Alright. I know I said that I was going to say a few words about us. I lied. But hey, what do you expect from an atheist? And on that note, I shall retire to my seat. Thank you, and do enjoy the show tonight, folks.

A full recording of the debate between Mr Willie and Mr Samuel is being edited right this moment and I fully expect it to hit YouTube before the week is out - and when it does, I will write a fuller commentary about it here in my blog, with links to the video. As I was involved in the question selection process during the Q&A session, I missed Willie's closing statement and most of the actual Q&A. Personally, I can't wait to watch it too.

After the debate, most of the godless crew made their way to the Brussels Beer Café in Ampang (filling up almost half the joint) for the celebratory after-party we planned earlier because, well, we had Willie in our corner, holder of a Ph.D. in Kickass and Awesomesauce - we knew it was in the bag. And I did tell him that I will kill him if I flew down to KL for a poor show. Cheryl gotten herself pretty drunk on cider while I stood by and watched as she turned hilarious. When she reached the point where she was trying to make Dave Singh chug a bottle of Worcestershire sauce while earnestly cautioning Derryk against getting a tattoo on his chest, I took it on myself to finish her last beverage for her and took her back to the hotel. She could not remember half the night.

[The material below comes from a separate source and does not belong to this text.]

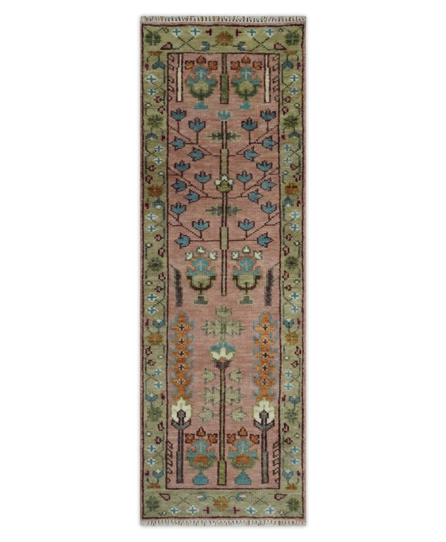 Ready to Ship Pink, Olive and Beige Traditional Vintage Style Tree Wool Rug - 2.6x6 is backordered and will ship as soon as it is back in stock.

Brussels Cheryl and I and crew
From left: Mike, Navin, me, Cheryl and Dave.

The next day, Le Fiancée™ and I meet her parents again - this time for breakfast. Then, the two of us spent the afternoon just lazing about in KLCC before making our way to the LCCT to catch our flights back to our long distance engagement.

Sigh, every time we get to spend some time together, the more I realise what I am missing when we are apart.

Cheryl Candid
Le Fiancée™ in a cute dress.

P.S. I am now down with a bad case of gastroenteritis. You'd think that after living in India for 2½ years, I would be free from the runs forever.